It is in one of these sorties that Brittany volunteered to do
the makeup herself when she saw that the dead was a baby. Apprehensive but not wanting to nip in the
bud her granddaughter’s enthusiasm for the craft, she allowed her to do the
makeup, assessing that it was a simple job anyway. Though her trained eyes spotted some flaws in
Brittany’s first on the job experience, the satisfied reaction of the dead
baby’s parents convinced her that she had found her heir-apparent. Two years later, Mama Flor had lost count at
how many dead young children Brittany had beautified.

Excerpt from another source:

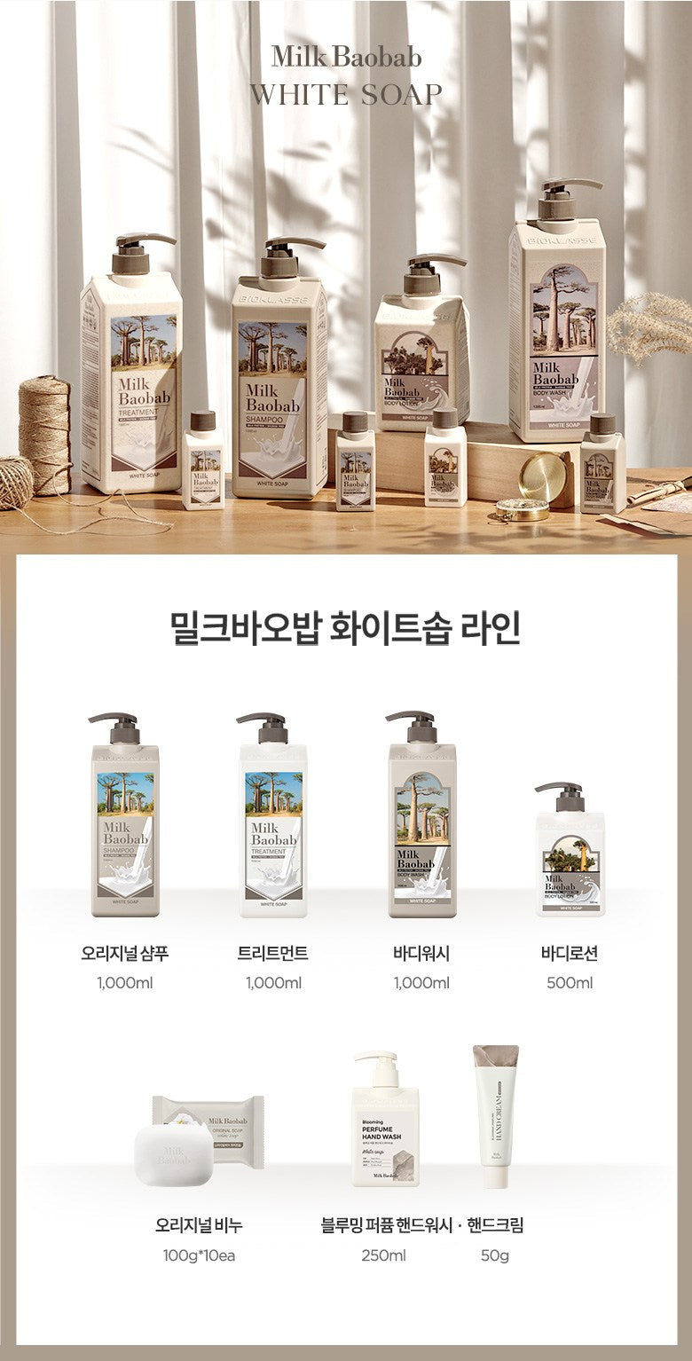 This deeply moisturizing conditioner is infused with milk protein and baobab seed extract to revitalize split ends and frizzy hair, resulting in smooth, shiny, and well-nourished strands. - Body Wash White Soap 70ml

When asked what she feels when doing makeup, Brittany answers
like the child that she is: Masaya
po. Iniisip ko lang na mine-make-up-an
ko ang manika ko. She further adds,
“Di naman ako natatakot. Pero mga classmates ko po natatakot. Akala nila gumagalaw ang mga patay.”
CONCLUSION
Society often dictates what is and what is not acceptable,
what is mainstream and what is out.
Those left out of the majority are often discriminated against or put at
a disadvantage in terms of opportunities and social acceptance. However, some people belonging to the
minority are there because of choices that are so obvious, and that they are
somewhat outcasts not because they have done something wrong or are abominable
in some way, but rather because their decisions run counter to what others
would make under similar circumstances. A popular funeral business name such as
Paz, like the Malabanan of pozo negro fame, often become punchlines because of
the nature of the business, and not because of their lack of success. In fact, a funeral home is lucrative
business, as Flor Dayao herself admits.
Through their family’s small enterprise, they were able to send three
children to college and are sufficiently funded to ride out rough times, as
they say, “May buhay sa hanap patay.”
Because morticians and embalmers are left out of the
mainstream, their next of kin usually take their place in the business; thereby
perpetuating a line of interest. Hence,
Flor weds into the business, while Brittany was born into it. Although, it remains to be seen whether
Brittany will remain true to her vow to take over the business someday, as she
intimated that she wants to study to become a nurse. This niche, pun intended, and internal
breeding assure that competition will almost always be relegated to a few
families, and that new entries are highly unlikely, at least not in the
prolific degree that successful mainstream enterprises normally spawn copycats.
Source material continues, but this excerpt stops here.